From the Kitchen: Rustic Plum Tart
Good friends of ours became new parents for the first time about two weeks ago so when we went to visit their little one, we brought along dinner from one of our favorite restaurants and I made this rustic plum tart for dessert. I’ve always heard that you should bring new parents a good meal in lieu of flowers or a card because they’re so busy figuring out their new schedule that removing just one simple thing from their to-do list makes life easier. We happened to have about two pounds of really unripe plums in the fridge thanks to a recent Costco run (and the fact that plums aren’t quite in season yet in California) and we couldn’t let our massive load of fruit go to waste so making dessert to celebrate the new baby was the perfect excuse…not that I needed one. Thank goodness for newborns because this tart instantly became a favorite of mine. Nothing could have remedied a box full of sour plums like caramelized sugar and flaky pie crust. The addition of vanilla creme fraiche cuts the tartness with a slightly sweet creamy note reminiscent of ice cream, only somehow more sophisticated….our friends are parents now, after all. The best part about this dessert is that I assembled it at home and baked it at our friends house while we ate dinner so it was oven-fresh when we enjoyed it (I love warm dessert against cold creamy toppings)…the only thing better in the room that night was the bundled up baby boy that lay sleeping in my arms for most of our visit (I can hold just about any baby all night….it’s so hard to put those little things down!) Recipe after the jump. xoxo!

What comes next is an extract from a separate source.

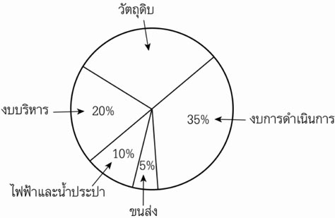 แผนภูมิรูปวงกลมแสดงรายจ่ายของบริษัทแห่งหนึ่ง จากแผนภูมิข้างต้นและรายจ่ายทั้งหมด 4,000,000 บาท ตอบคำถามข้อ 1- 5 ค่าวัตถุดิบเท่ากับเท่าไร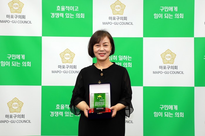 [시민일보 = 홍덕표 기자] 서울 마포구의회(의장 조영덕) 김영미 의원(더불어민주당, 망원동·연남동·성산1동)이 성미산생활체육부, 역도, 헬스부 회원들로부터 감사패를 받았다.

Rustic Plum Tart (adapted from Epicurious)
- Pastry dough for a single-crust pie
- 2 tablespoons semolina flour
- 8 tablespoons granulated sugar
- 5 large black or red plums (1 1/2 lb), halved, pitted, and each cut lengthwise into 8 wedges
- 1 tablespoon confectioners sugar
- 3/4 cup creme fraiche
- 1 teaspoon vanilla
- Special equipment: parchment paper
Put oven rack in middle position and preheat oven to 375°F. Line a large (17- by 12-inch) baking sheet with parchment paper.
Roll out dough on a lightly floured surface with a lightly floured rolling pin into a 13-inch round. Transfer to baking sheet.
Stir together semolina flour and 2 tablespoons granulated sugar and spread evenly over dough, leaving a 1-inch border. Arrange plums, skin sides down, in 1 layer on top of sugar mixture, then sprinkle plums with 3 tablespoons granulated sugar. Fold in edge of dough to cover outer rim of plums, pleating dough as necessary.
Bake tart, loosely covered with a sheet of foil, 40 minutes. Remove foil and bake until fruit is tender and juices are bubbling, about 5 minutes more.
Transfer galette on baking sheet to a rack and immediately brush hot juices over plums using a pastry brush. Dust hot tart with confectioners sugar (sugar will melt and help glaze tart). Cool to warm or room temperature, about 30 minutes.
While tart cools, stir together creme fraiche, vanilla and remaining 3 tablespoons granulated sugar in a bowl until sugar is dissolved. Serve tart with vanilla creme fraiche.